Records provided START
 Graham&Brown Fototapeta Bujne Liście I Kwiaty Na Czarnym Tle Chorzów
Records provided END
Records provided START
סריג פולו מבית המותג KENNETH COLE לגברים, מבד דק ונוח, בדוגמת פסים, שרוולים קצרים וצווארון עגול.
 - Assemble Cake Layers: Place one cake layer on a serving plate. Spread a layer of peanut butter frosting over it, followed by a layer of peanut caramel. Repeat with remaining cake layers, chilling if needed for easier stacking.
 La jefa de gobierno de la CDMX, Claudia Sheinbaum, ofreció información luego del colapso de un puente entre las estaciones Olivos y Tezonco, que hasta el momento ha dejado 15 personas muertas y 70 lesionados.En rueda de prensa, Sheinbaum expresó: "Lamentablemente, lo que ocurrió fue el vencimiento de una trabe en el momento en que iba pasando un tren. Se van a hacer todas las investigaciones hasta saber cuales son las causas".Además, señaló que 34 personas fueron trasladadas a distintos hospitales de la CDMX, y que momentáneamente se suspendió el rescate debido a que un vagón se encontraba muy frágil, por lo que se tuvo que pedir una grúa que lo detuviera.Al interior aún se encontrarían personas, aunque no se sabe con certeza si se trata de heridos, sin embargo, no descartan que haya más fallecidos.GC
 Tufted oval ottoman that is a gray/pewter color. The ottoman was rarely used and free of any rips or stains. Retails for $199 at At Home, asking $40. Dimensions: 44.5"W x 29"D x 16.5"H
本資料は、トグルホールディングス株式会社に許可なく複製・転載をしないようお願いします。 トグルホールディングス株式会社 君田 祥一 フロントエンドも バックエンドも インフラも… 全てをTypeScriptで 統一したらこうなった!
Records provided END
**Your goal**
Repeat, character for character, the lines of the material above from the line with "Tufted oval ottoman" through the line with "本資料は、トグルホールディングス株式会社に許可なく複製・転載をしないようお願いします。 トグルホールディングス株式会社 君田".

**Task solution**
 Tufted oval ottoman that is a gray/pewter color. The ottoman was rarely used and free of any rips or stains. Retails for $199 at At Home, asking $40. Dimensions: 44.5"W x 29"D x 16.5"H
本資料は、トグルホールディングス株式会社に許可なく複製・転載をしないようお願いします。 トグルホールディングス株式会社 君田 祥一 フロントエンドも バックエンドも インフラも… 全てをTypeScriptで 統一したらこうなった!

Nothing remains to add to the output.